Management of schizencephaly usually prioritizes supportive and rehabilitative management. However, surgery is generally performed if hydrocephalus or raised intracranial pressure is present [12]. In the case of symptomatic arachnoid cyst that compresses surrounding structure, surgery should be performed. Surgical excision of the arachnoid cyst’ wall performed when the lesion is readily amendable, also, surgical/endoscopic fenestration can also be considered [9, 13].

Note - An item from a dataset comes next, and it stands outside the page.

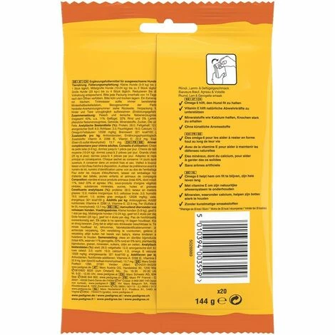 Aliment complémentaire pour chiens adultes – Multi Mix de Saveurs (Boeuf/Agneau/Volaille). Les friandises Pedigree ® Schmackos sont une excellente façon de récompenser votre chien ou simplement de lui montrer combien vous l’aimez. Délicieuses et tendres récompenses sans arômes artificiels et pleines de saveurs dont les chiens raffolent à moins de 30 calories par récompense. Avec des omega 6 pour l’aider à rester en forme tout au long de sa vie, des vitamines E pour l’aider à préserver ses défenses naturelles et des minéraux, dont du calcium, pour l’aider à garder des os solides.

A cystoperitoneal shunt is rarely used due to the complications that can arise with long-term shunt placement; however, it is needed as an emergency choice when significant hydrocephalus or mass effect is present [9, 13]. As in this case, cystoperitoneal shunt was performed to reduce the midline shift and the size of the arachnoid cyst. Surgical excision was not performed because the schizencephaly would still raise the intracranial pressure. After surgery, anti-epileptic medications were initiated, and the patient did not experience any episodes of seizures during a month of follow-up. However, further observation must be done periodically.

Conclusions

New onset of seizure-associated schizencephalyin adult are very rare. Epilepsy in open-lip schizencephaly of this case resulting from space-occupying lesions (SOL) effects of enlarged arachnoid cysts. The episode of seizure was successfully resolved after the cystoperitoneal shunt that reduced the arachnoid cyst size and double anti-epileptic agents.